___ Data ___

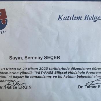 Psikolog Serenay Seçer, TED Üniversitesi Psikoloji (%100 İngilizce) lisans programından ve aynı zamanda Sosyoloji yan dal programından 2022 yılında başarıyla mezun olmuştur. Lisans eğitimi süresince Ankara Adliyesi'nde çocuk ve ergenlere yönelik görüşmelere tanıklık etmiş; bunun yanı sıra Gençlik ve Spor Bakanlığı bünyesinde grup lideri olarak görev alarak, Türkiye’nin dört bir yanından gelen çocuk ve ergenlerle psikolojik sağlamlık çalışmaları yürütmüştür. Uzmanlık Alanları ve Eğitimleri: Serenay Seçer, mesleki gelişimine büyük önem vermekte ve sürekli olarak alanında kendini güncel tutmaktadır. Bu kapsamda: Prof. Dr. Vahdet Görmez’den Çocuk ve Ergenlerde Bilişsel Davranışçı Terapi (BDT) eğitimi almıştır. Bilişsel Davranışçı Terapi (BDT) ve Çocuk Merkezli Oyun Terapisi uygulayıcısıdır. MOXO Dikkat Testi, Attentioner Dikkat Eksikliği Programı uygulayıcısıdır. Özel öğrenme güçlüğü ve DEHB (Dikkat Eksikliği ve Hiperaktivite Bozukluğu) yaşayan danışanlara yönelik YBT-PASS Bilişsel Müdahale Programı uygulayıcısıdır. Çocuk ve Ergen Psikolojisinde Bütüncül Yaklaşım: Serenay Seçer, çocuk ve ergenlerde terapötik sürecin başarılı olabilmesi için bütüncül bir yaklaşımın gerekliliğine inanır. Her bireyin ihtiyaçlarına özel terapi modülleri oluşturarak ilerlemektedir. Seans sürecini, ebeveyn psikoeğitimi ve ebeveyn danışmanlığı ile desteklemektedir.
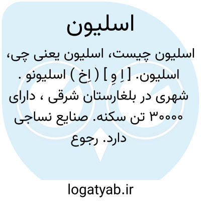 اسلیون. [ اِ وِ ] ( اِخ ) اسلیونو. شهری در بلغارستان شرقی، دارای 30000 تن سکنه. صنایع نساجی دارد. رجوع باسلیمیه شود.
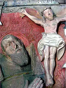 ![]() Painting of Georg Wolf kneeling before the cross (detail of his grave) | |
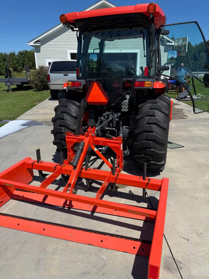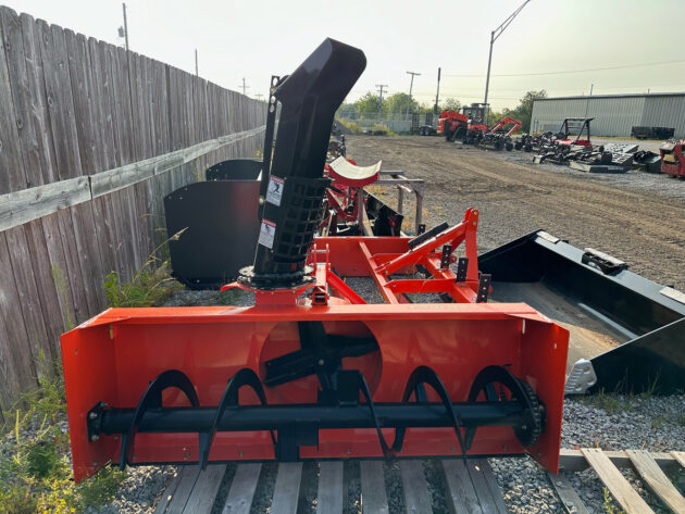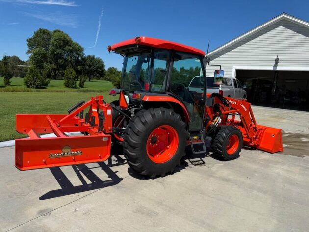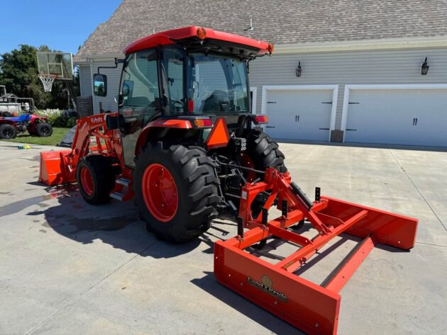 The tractor also includes the following six attachments: Kubota BH92 9 ft Backhoe with Hydraulic Thumb, Land Pride RCR1272 72″ Rotary Cutter, 64″ Width 2-Stage Snow Blower, Land Pride 72” Grading Scraper.
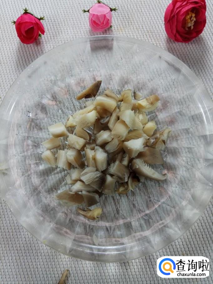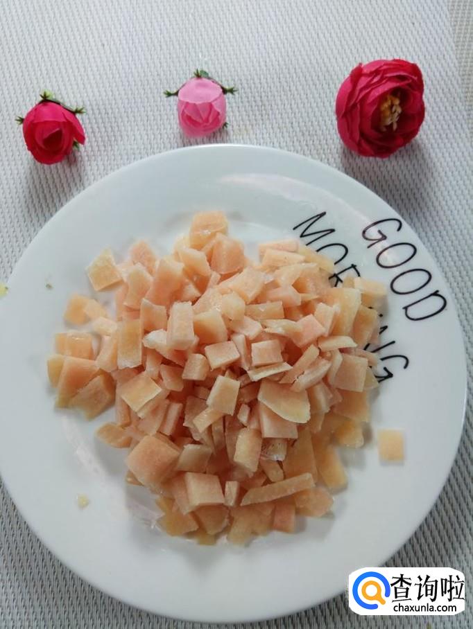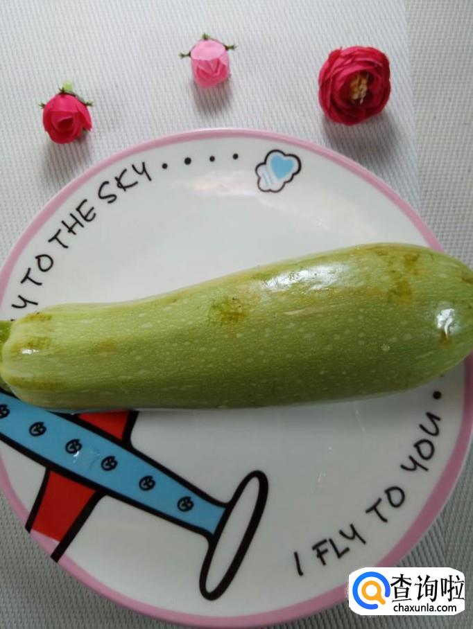 将西葫芦切成圈,然后掏去内瓤备用;将蘑菇切成小丁儿,鸡胸肉也切成小丁,放入盘中备用。
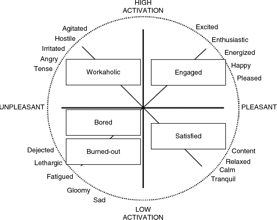 만족과 몰입은 다르며, 몰입에서 느끼는 심리적 상태는 만족과 다를 수 있습니다. Russell의 연구에 따르면, 직원들의 심리적 상태는 ‘생각이나 행동의 활성화 정도(Activation – Deactivation)’와 ‘만족감을 느끼는 정도(Pleasure – Displeasure)’에 따라 달라지며, 네 가지 분류로 정리하여 각각의 상태에 따라 발생하는 감정들을 확인할 수 있습니다.
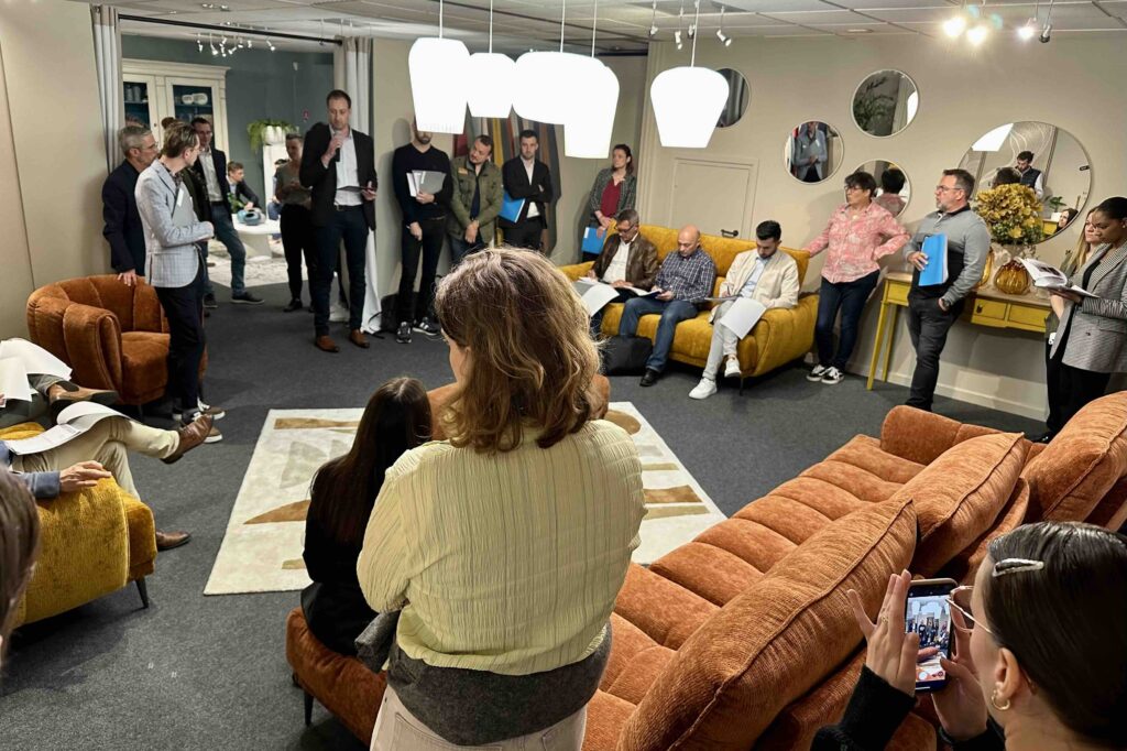 Concernant le contenu même de ce showroom 2025, avant que Simon Denecker n’en dirige la visite technique à l’intention des adhérents présents, Karène Sagot (chef produit “déco et merchandising” de l’UCEM) en a livré l’esprit et l’ambition ; édifiant. « Fini, les parcours clients linéaires et les ambiances figées, a-t-elle lancé. Place à l’exploration libre, à l’inattendu, à l’émotion. Chaque zone devient une scène ouverte à l’inspiration, une invitation à se projeter dans son propre chez-soi. On décloisonne les styles, on réinvente les associations, on revendique des partis pris audacieux et assumés. Ici, le style s’affirme et chaque visiteur devient créateur de son expérience ». Objectif de ce showroom en d’autres termes : casser les codes et oser la surprise. « Parce que le style ne se décrit pas, il se vit, a poursuivi la chef déco. Chez Monsieur Meuble, ce n’est pas le produit qui impose la tendance, c’est chaque client qui imagine, façonne et affirme son propre univers ». Et de conclure : « Notre signature – “Et vous êtes bien chez vous.” – prend ici tout son sens. Bien plus qu’un slogan, c’est une véritable promesse d’épanouissement chez soi. »

___

> Task instructions:
Would you write out the data exactly, with no pictures in the copy?

> Exercise output:
 Psikolog Serenay Seçer, TED Üniversitesi Psikoloji (%100 İngilizce) lisans programından ve aynı zamanda Sosyoloji yan dal programından 2022 yılında başarıyla mezun olmuştur. Lisans eğitimi süresince Ankara Adliyesi'nde çocuk ve ergenlere yönelik görüşmelere tanıklık etmiş; bunun yanı sıra Gençlik ve Spor Bakanlığı bünyesinde grup lideri olarak görev alarak, Türkiye’nin dört bir yanından gelen çocuk ve ergenlerle psikolojik sağlamlık çalışmaları yürütmüştür. Uzmanlık Alanları ve Eğitimleri: Serenay Seçer, mesleki gelişimine büyük önem vermekte ve sürekli olarak alanında kendini güncel tutmaktadır. Bu kapsamda: Prof. Dr. Vahdet Görmez’den Çocuk ve Ergenlerde Bilişsel Davranışçı Terapi (BDT) eğitimi almıştır. Bilişsel Davranışçı Terapi (BDT) ve Çocuk Merkezli Oyun Terapisi uygulayıcısıdır. MOXO Dikkat Testi, Attentioner Dikkat Eksikliği Programı uygulayıcısıdır. Özel öğrenme güçlüğü ve DEHB (Dikkat Eksikliği ve Hiperaktivite Bozukluğu) yaşayan danışanlara yönelik YBT-PASS Bilişsel Müdahale Programı uygulayıcısıdır. Çocuk ve Ergen Psikolojisinde Bütüncül Yaklaşım: Serenay Seçer, çocuk ve ergenlerde terapötik sürecin başarılı olabilmesi için bütüncül bir yaklaşımın gerekliliğine inanır. Her bireyin ihtiyaçlarına özel terapi modülleri oluşturarak ilerlemektedir. Seans sürecini, ebeveyn psikoeğitimi ve ebeveyn danışmanlığı ile desteklemektedir.
 اسلیون. [ اِ وِ ] ( اِخ ) اسلیونو. شهری در بلغارستان شرقی، دارای 30000 تن سکنه. صنایع نساجی دارد. رجوع باسلیمیه شود.
 ![]() Painting of Georg Wolf kneeling before the cross (detail of his grave) | |
 The tractor also includes the following six attachments: Kubota BH92 9 ft Backhoe with Hydraulic Thumb, Land Pride RCR1272 72″ Rotary Cutter, 64″ Width 2-Stage Snow Blower, Land Pride 72” Grading Scraper.
 将西葫芦切成圈,然后掏去内瓤备用;将蘑菇切成小丁儿,鸡胸肉也切成小丁,放入盘中备用。
 만족과 몰입은 다르며, 몰입에서 느끼는 심리적 상태는 만족과 다를 수 있습니다. Russell의 연구에 따르면, 직원들의 심리적 상태는 ‘생각이나 행동의 활성화 정도(Activation – Deactivation)’와 ‘만족감을 느끼는 정도(Pleasure – Displeasure)’에 따라 달라지며, 네 가지 분류로 정리하여 각각의 상태에 따라 발생하는 감정들을 확인할 수 있습니다.
 Concernant le contenu même de ce showroom 2025, avant que Simon Denecker n’en dirige la visite technique à l’intention des adhérents présents, Karène Sagot (chef produit “déco et merchandising” de l’UCEM) en a livré l’esprit et l’ambition ; édifiant. « Fini, les parcours clients linéaires et les ambiances figées, a-t-elle lancé. Place à l’exploration libre, à l’inattendu, à l’émotion. Chaque zone devient une scène ouverte à l’inspiration, une invitation à se projeter dans son propre chez-soi. On décloisonne les styles, on réinvente les associations, on revendique des partis pris audacieux et assumés. Ici, le style s’affirme et chaque visiteur devient créateur de son expérience ». Objectif de ce showroom en d’autres termes : casser les codes et oser la surprise. « Parce que le style ne se décrit pas, il se vit, a poursuivi la chef déco. Chez Monsieur Meuble, ce n’est pas le produit qui impose la tendance, c’est chaque client qui imagine, façonne et affirme son propre univers ». Et de conclure : « Notre signature – “Et vous êtes bien chez vous.” – prend ici tout son sens. Bien plus qu’un slogan, c’est une véritable promesse d’épanouissement chez soi. »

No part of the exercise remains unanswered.